Bringing home the gold ‘proves’ that you’re a great teacher. Or does it? Is it really about how ‘good’ your ensemble is? Is it about how many gold medals you win? How many competitions you attend? Those are events to experience and targets to shoot for but not the end goal. It’s about the students and their experience. It’s about them having a positive experience. It’s about them walking away with positive emotions. Think about the kid in the back of the section. He’s a mediocre player. Not always in tune and sometimes comes in at the wrong time. Do you cut him or put soap on his bow so he can’t make a sound? Of course not. But down the road, what is really going to matter? Not the fact that the group received a lower rating because of him.

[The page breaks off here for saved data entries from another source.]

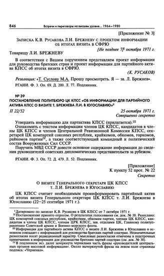 Приложение к постановлению Политбюро ЦК КПСС «Об информации для партийного актива КПСС о визите т. Брежнева Л.И. в Югославию». О визите Генерального секретаря ЦК КПСС т. Л.И. Брежнева в Югославию // РГАНИ. Ф. 3. Оп. 72. Д. 479. Л. 152, 158. Подлинник.
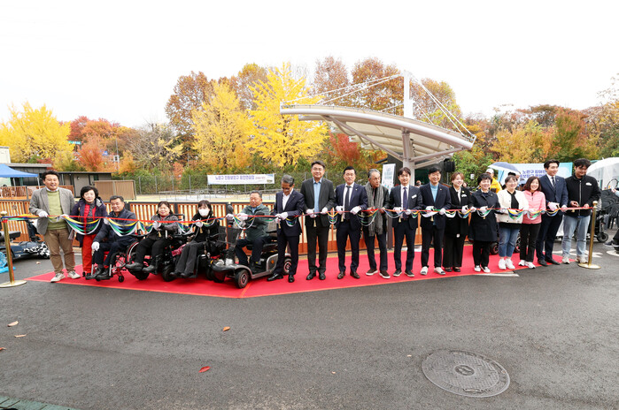 오승록 서울 노원구청장이 최근 중랑천환경센터 주차장에서 열린 전동보장구 운전연습장 개장식에 참석했다. 사진은 개장식에 참석한 오 구청장이 관계자들과 기념 촬영하는 모습. (사진=노원구청 제공)
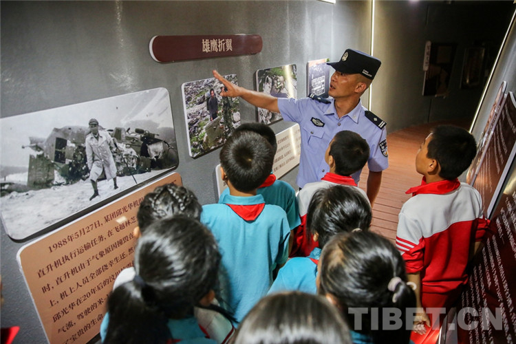圖為背崩邊境派出所民警在戰斗坑道教育長廊中向學生介紹墨脫邊境發展歷史
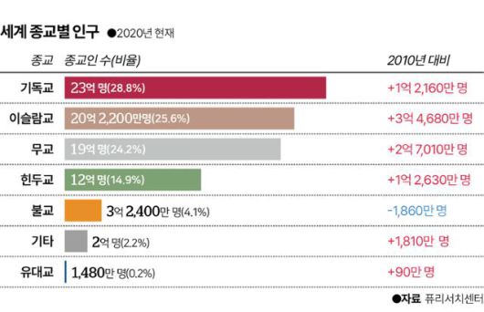 2010~2020년까지 10년 동안 전 세계에서 가장 빠르게 교세가 커진 종교는 이슬람교인 것으로 나타났다.

No, what will matter is that he participated. When he looks back, the fact that he was in the group will make the difference and in turn affect how he interacts with people, groups, and situations. What do you remember about your school music experience? I don’t remember what score I received at contests but I can tell you how teachers treated me and what kind of experience I had. I remember my baseball coach not putting me in the game because…well because I sucked at baseball! It was a freshman league and all he cared about was winning. Does it really matter? How do you think I feel about that experience and how does that affect me now? Will your students want to attend a musical event as an adult or will it cause negative emotions to reverberate with them?

Taking the longview is difficult. Especially when we’re under pressure to put on performanes every 6 – 8 weeks. We struggle with enough rehearsal time. We wrestle with attendance. We battle to get our students to practice; or even to take their instrument home. It’s not easy. It never will be. But thinking of that student in a lesson 10 years from now will help. And the student will be better for it.